It may not seem like it on the surface, but now is a good time to be in this business -- no question about it. The reason is simple: it's more important than ever for your clients to make sure their assets are protected. Confidence and reliance on the banking industry and the stock market has been shaken to the core. So, who are your clients going to turn to?
As discussed in my previous article, now, more than ever is, an important time to reach out to your clients and help them understand their alternatives. But for you, the advisor, it is important not to mistake the fear and concern in your clients' eyes for dollar signs. They are scared; and many clients may recall what it was like after the Great Depression, or have heard stories from friends or relatives who survived it. Others may just spend their days watching the stock market suck their hard-earned retirement funds dry. In either case, one thing is clear: Your clients are looking for assistance from someone who is qualified to help and understands how to do so.
That is where the psychology of market intelligence comes into play. Not familiar with the term? It means to understand and be proactive in determining the current and future needs and preferences of your marketplace. In short: to understand what your clients want now and for their future.
You're probably thinking, "That's what I do already." In essence, you're right. But to employ market intelligence means to delve a bit deeper; to get a better understanding of what leads your clients to make the choices and decisions that they do. It may sound a bit more difficult than it really is, but market intelligence (MI) is used in just about every aspect of advertising and marketing around. From the commonly known to the obscure, MI has had a hand in determining how that product or service is marketed and to whom.

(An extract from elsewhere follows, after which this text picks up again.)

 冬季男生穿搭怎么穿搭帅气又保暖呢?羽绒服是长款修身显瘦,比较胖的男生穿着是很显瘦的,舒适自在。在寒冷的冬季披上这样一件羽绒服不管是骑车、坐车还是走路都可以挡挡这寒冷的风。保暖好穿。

For my purposes in this article, I'm going to talk about one of the most important components of MI: psychology. As mentioned, it's a scary time for retirees invested in the stock market and holding larger sums in banks. But this fear has been a long time coming; the demise of the sub-prime mortgage industry was the trigger to both the current stock market troubles and the banking failure scrambles. Your clients aren't clueless; they know what's going on. The media has grabbed this story and is running for the finish line. The concerns of your clients are based primarily on fear -- a very human emotion. But that emotion can also make us do things we wouldn't (or shouldn't) ordinarily do. As an advisor, it is your job to assuage those fears, and present your clients with other alternatives.
That's where your MI comes in to play: Listening to your clients' fears and having the answers to their difficult questions makes you the superlative person to offer advice on what their best course to follow is at this point. Now, I don't mean just listening to their desire for a strong, safe-and-sound source for their retirement dollars, I mean really listening to your client.

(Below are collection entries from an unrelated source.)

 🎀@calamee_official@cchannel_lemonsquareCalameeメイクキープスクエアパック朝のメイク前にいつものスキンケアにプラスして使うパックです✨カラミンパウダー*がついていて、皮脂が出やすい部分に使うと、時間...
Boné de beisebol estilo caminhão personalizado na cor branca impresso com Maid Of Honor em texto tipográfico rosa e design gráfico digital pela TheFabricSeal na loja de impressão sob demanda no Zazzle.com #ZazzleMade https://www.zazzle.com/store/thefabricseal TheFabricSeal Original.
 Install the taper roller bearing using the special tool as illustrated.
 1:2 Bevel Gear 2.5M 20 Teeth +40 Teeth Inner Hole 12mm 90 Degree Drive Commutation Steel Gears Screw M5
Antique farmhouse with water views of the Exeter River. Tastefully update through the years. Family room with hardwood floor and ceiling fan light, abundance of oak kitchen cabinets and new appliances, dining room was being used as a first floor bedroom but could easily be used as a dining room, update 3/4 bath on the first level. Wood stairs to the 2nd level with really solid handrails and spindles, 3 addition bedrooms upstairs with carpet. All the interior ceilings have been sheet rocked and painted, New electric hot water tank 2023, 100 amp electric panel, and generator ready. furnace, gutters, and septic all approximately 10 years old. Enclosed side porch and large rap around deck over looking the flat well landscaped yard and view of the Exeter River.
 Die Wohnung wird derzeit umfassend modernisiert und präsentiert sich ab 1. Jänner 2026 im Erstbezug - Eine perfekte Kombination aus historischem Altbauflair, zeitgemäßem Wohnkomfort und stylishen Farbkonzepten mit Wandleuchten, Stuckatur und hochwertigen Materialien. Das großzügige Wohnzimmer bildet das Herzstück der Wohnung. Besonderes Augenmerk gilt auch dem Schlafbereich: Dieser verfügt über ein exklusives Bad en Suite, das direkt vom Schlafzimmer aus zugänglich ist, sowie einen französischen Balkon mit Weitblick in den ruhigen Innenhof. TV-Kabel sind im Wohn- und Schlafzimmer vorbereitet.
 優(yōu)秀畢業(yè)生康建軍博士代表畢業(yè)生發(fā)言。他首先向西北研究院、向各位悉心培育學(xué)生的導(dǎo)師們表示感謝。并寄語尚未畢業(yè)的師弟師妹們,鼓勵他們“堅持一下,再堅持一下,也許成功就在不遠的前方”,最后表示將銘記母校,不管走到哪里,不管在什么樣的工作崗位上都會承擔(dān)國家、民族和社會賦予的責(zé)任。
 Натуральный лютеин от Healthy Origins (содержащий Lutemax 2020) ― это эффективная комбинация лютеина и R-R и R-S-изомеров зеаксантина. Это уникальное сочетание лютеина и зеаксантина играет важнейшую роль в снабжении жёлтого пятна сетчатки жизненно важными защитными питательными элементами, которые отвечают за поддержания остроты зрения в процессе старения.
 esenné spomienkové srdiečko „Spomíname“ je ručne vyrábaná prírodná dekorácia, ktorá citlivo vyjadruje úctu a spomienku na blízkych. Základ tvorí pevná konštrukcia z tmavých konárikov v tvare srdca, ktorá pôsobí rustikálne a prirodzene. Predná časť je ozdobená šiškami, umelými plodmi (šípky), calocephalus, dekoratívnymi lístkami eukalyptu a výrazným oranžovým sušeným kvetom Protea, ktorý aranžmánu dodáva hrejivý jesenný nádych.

Try to understand what their fear has done to their sense of judgment when it comes to the future of their money. While your client may be telling you one thing out of that sense of fear, you, as a qualified advisor, may have a better option that provides your client the peace of mind they are searching for. By listening to the words your client is speaking, you will be better able to dissect their actual meaning. Subsequently, this process can lead you to a solution that will give your client just what they are looking for: stability and a sense of security. It may even lead you in a direction that you hadn't even considered before. Sure, the commissions may not be as attractive, but that's OK. Your clients' fear has vanished. At the end of the day, the fact that your customer is happy should always outweigh the potential for a huge commission. In your case, if that's not correct, you may be in the wrong line of business -- especially at this volatile time with emotions running so high.

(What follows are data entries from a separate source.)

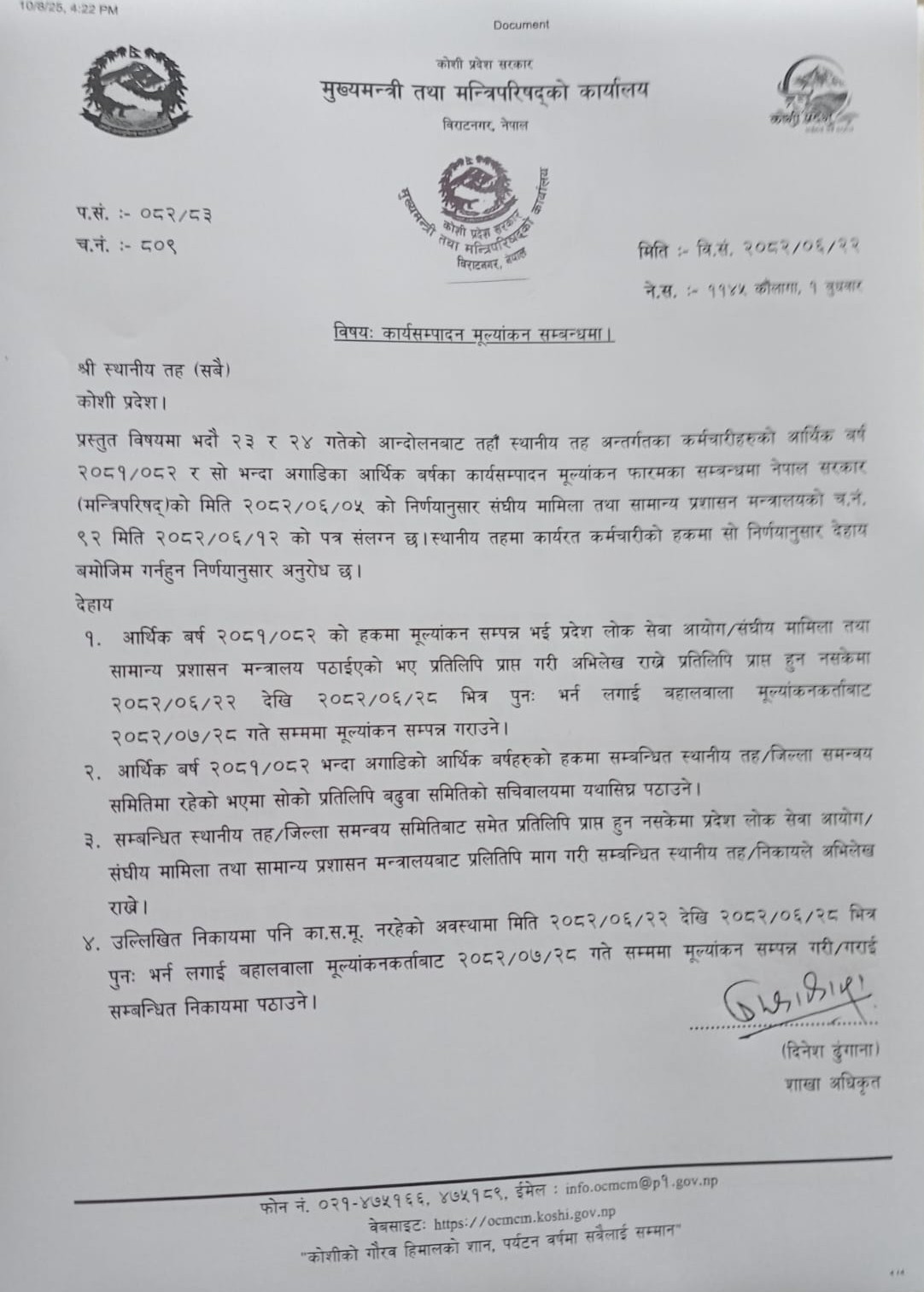 परिपत्रः कार्यसम्पादन मूल्यांकन सम्बन्धमा (श्री स्थानीय तह-सबै)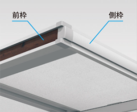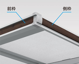 前枠・樋はフラットラインを強調したH形鋼風形状で住宅外観の水平ラインにスッキリとフィット。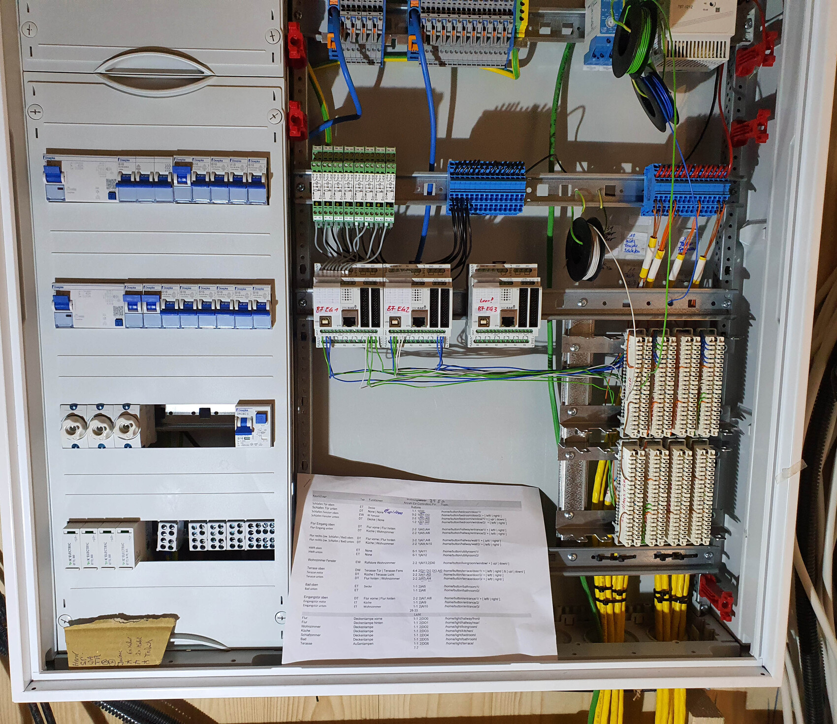 ... habe oben mal grob durchgezählt, passt in die mit dem Elektriker besprochene UV. Er (Elektriker) hat 48TE + 24 Rangierschaltung für Strom, wir haben für Smarthome inkl. Rangierverkabelung 96TE + 24TE verdeckt mit niedriger Bauhöhe.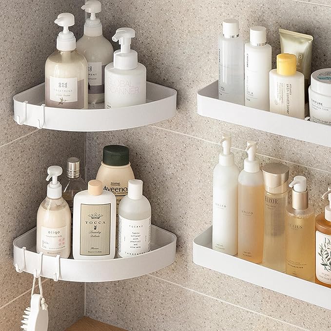 ◆ パッケージにはコーナーシェルフと粘着フックのみが含まれており、その他のアイテムは写真撮影用小道具としてのみ使用され、含まれていません。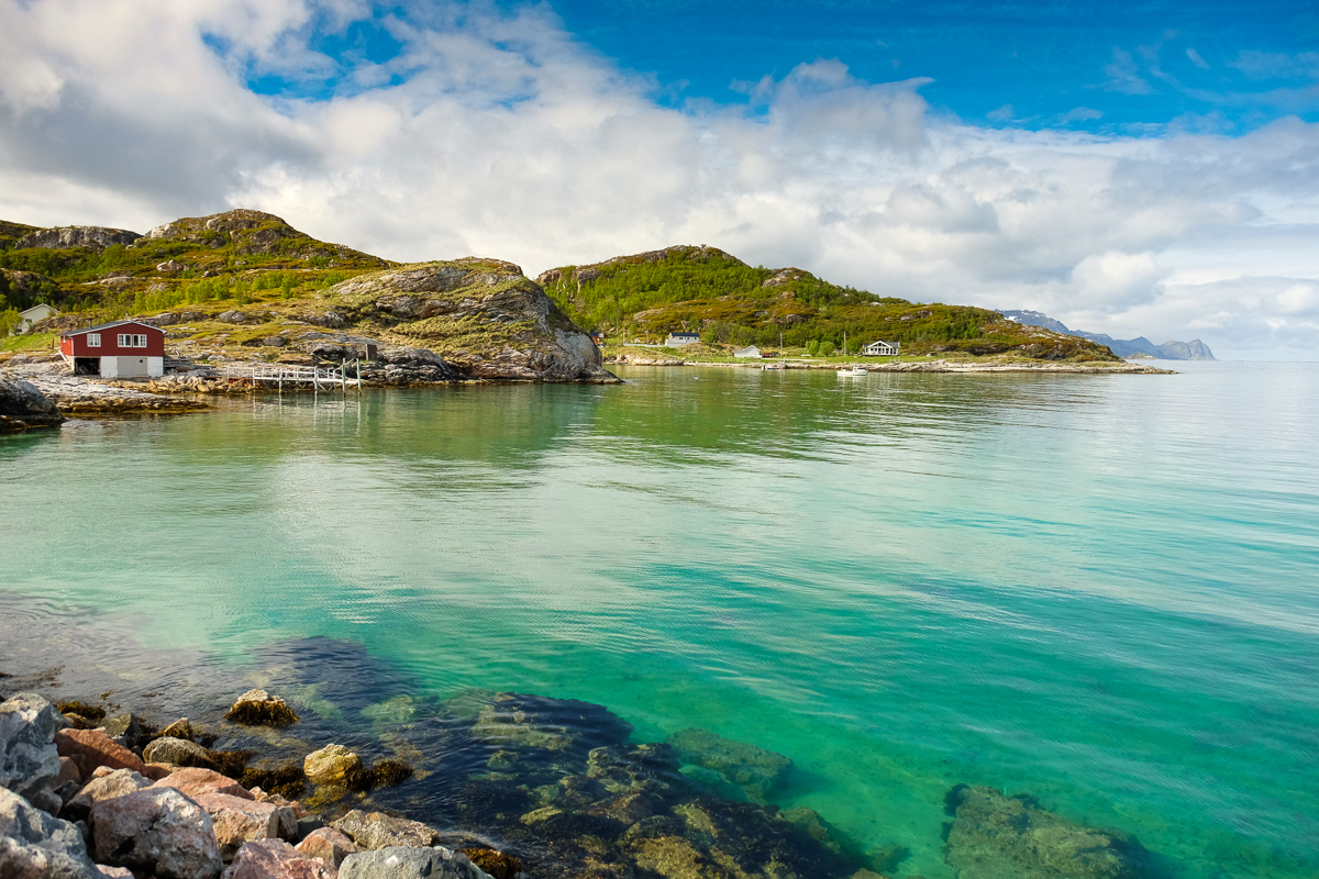 Türkisblaues, glasklares Wasser am Hafen von Brensholmen auf Kvaløya.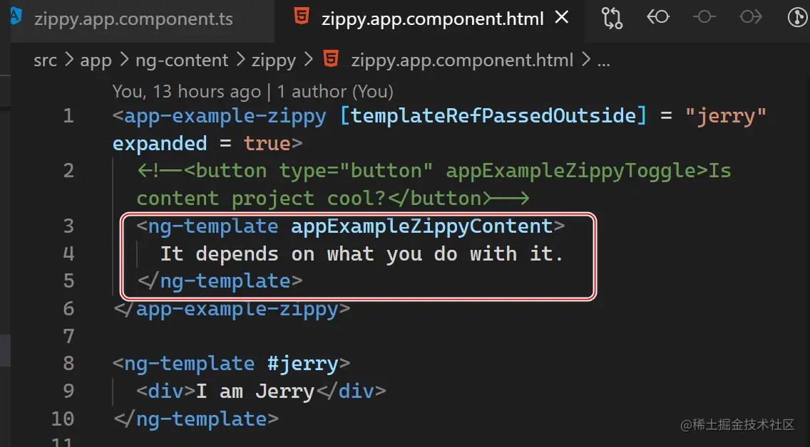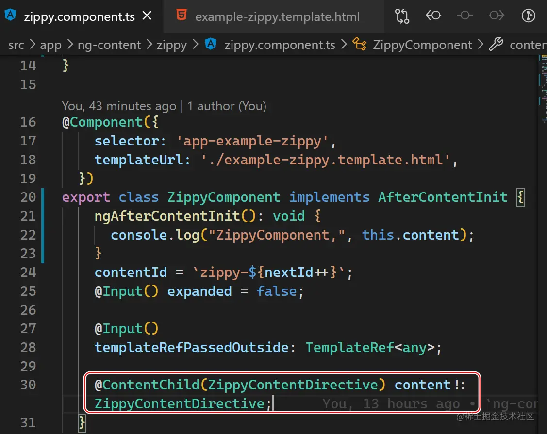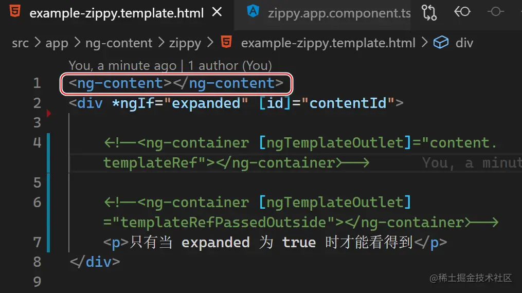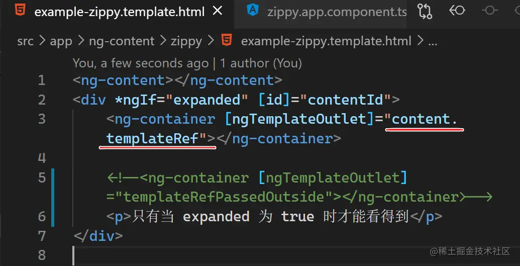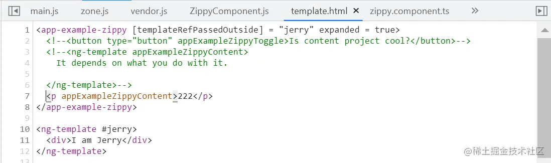通过 @ContentChild conten query 拿到自定义 Directive 实例,进而拿到 Directive 指向的 TemplateRef:

By introducing MI into your business, you have the potential for a better understanding of what it is your market wants instead of spending money on a plan your market doesn't want. As I mentioned before, it doesn't take a great deal of work to better understand your market, just a bit of research. By simply spending some time at your computer doing a bit of desk research, you can begin to discover more than you thought possible about the marketplace you are trying to reach.
Desk research is what professional researchers use to track down useful, existing pre-published information (also known as secondary research). Many companies use this method to discover the efforts of their competitors, or to get a better understanding of their current market trends. You and your business can benefit in the same way. By doing desk research, you can obtain a lot of information without spending a lot of money on market surveys and research from a private source.
Our country is in an economic crisis. Depending on who you talk to, some say it's worse than others. That is why it is so important to those of us in this industry to blaze a trail of recovery for those scared individuals. Offer them the safe haven that you know exists. Someone's financial future and peace of mind depends on it.